State v. Nash

272 S.W.2d 179, 1954 Mo. LEXIS 777
CourtSupreme Court of Missouri
DecidedNovember 8, 1954
Docket44324
StatusPublished
Cited by14 cases

This text of 272 S.W.2d 179 (State v. Nash) is published on Counsel Stack Legal Research, covering Supreme Court of Missouri primary law. Counsel Stack provides free access to over 12 million legal documents including statutes, case law, regulations, and constitutions.

Bluebook
State v. Nash, 272 S.W.2d 179, 1954 Mo. LEXIS 777 (Mo. 1954).

Opinion

HOLLINGSWORTH, Judge.

Defendant has appealed from a sentence of imprisonment in the State Penitentiary for a term of seven years imposed upon him in conformity with the verdict of the jury finding him guilty of the crime of incest upon his thirteen-year-old daughter. He contends that: (1) the testimony of said daughter, hereinafter for convenience referred to as prosecutrix, is uncorroborated and unconvincing; and (2) the verdict is (a) against the greater weight of the credible evidence and (b) the result of passion and prejudice. These contentions require a detailed statement of the testimony.

Prosecutrix testified: She lacks one day of being fourteen years of age, lives in Kansas City, attends Northeast Junior High School, has eight brothers and sisters whose ages range from 21 years to 20 months, and now resides with five of them and her rpother. She knows the nature of an oath. It is a bad thing, perjury, a criminal offense, to lie. She understands the seriousness of the charge against her father and that it is a penitentiary offense. On January 2, 1953, her mother went to the General Hospital for three days. Her father did not want to sleep with the baby, so she slept with the baby. About 9:30 p. m., her father came into the room, forced her — told her — to take off her pajama bottoms and there had sexual relations with her. She understands what sexual relations are, his privates penetrated hers. All six of the children were at home. This had occurred before. It started when she was about eleven years old. Her father would warn prosecutrix not to tell her mother. “Mother always told the girls that if anything ever happened to them they would have to go to a home * * * and he always told me it would be just as bad for me as it would for him, if I told it.” Prosecutrix never told anybody about it until her eleven-year-old sister told the teacher at school. Prose- *181 cutrix then told her mother. “Q. Before April, when you told your mother about it, before that, did you and your other sister (Carol Jean), did you talk about what was going- on? A. Well, she told me that he had been bothering her that once, and I believed her, but I didn’t tell her I believed her, because I didn’t know what to do about it, and so I just let it go. No, I don’t think we ever discussed it together.”
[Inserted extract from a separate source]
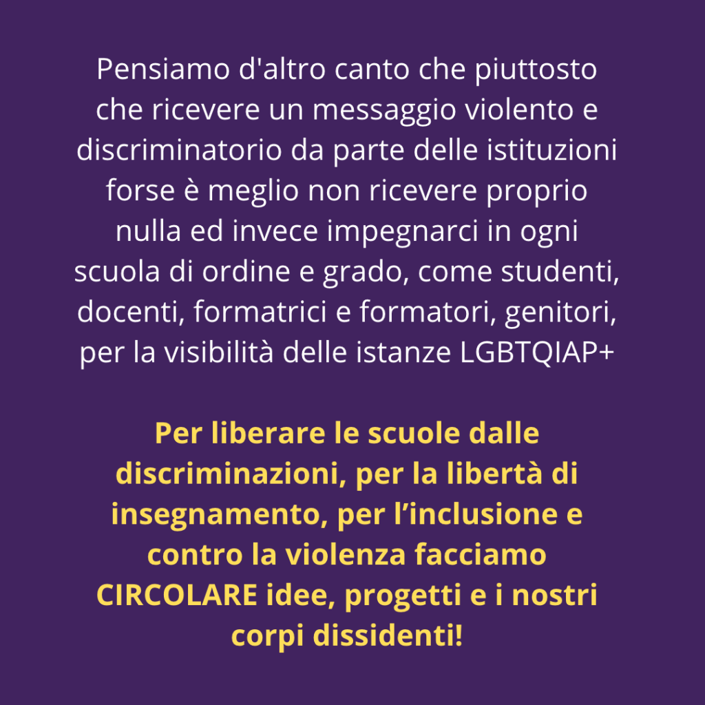 Pensiamo d’altro canto che piuttosto che ricevere un messaggio violento e discriminatorio da parte delle istituzioni forse è meglio non ricevere proprio nulla ed invece impegnarci in ogni scuola di ordine e grado, come studenti, docenti, formatrici e formatori, genitori, per la visibilità delle istanze LGBTQIAP+
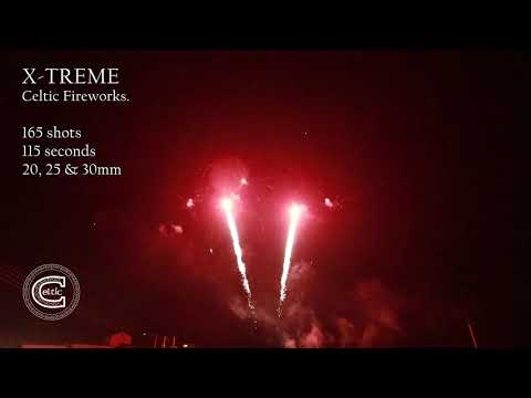 Get ready to be amazed by the X-treme, a complete 165 shot compound cake that brings the fireworks show right to your doorstep! Watch as the fans of gold kick off this exhilarating 2-minute spectacle, followed by a dazzling display of bright dahlias, shimmering strobes, and crackling combinations that will leave you in awe.

On cross-examination prosecutrix testified: There are six rooms in the home, three upstairs, three downstairs. On January 2, 1953, her 21-year-old brother and his wife occupied a kitchenette and bedroom on the second floor. On the second floor is also a large bedroom in which “us four girls sleep”. Three of them were in that room that night.- The baby slept with prosecutrix in Daddy’s (and Mother’s) room. A six-year-old brother also slept in the latter room in a small separate bed. The continuing sexual relations between prose-cutrix and her father took place “in the bedroom, mostly, or upstairs, when we were working upstairs, on the front porch, or when we would go in — he would bother me when we were out * * * feeding the hogs, or something like that.” She has no idea as to the number of times. “Q. Fifty? A. Maybe. I couldn’t estimate it.”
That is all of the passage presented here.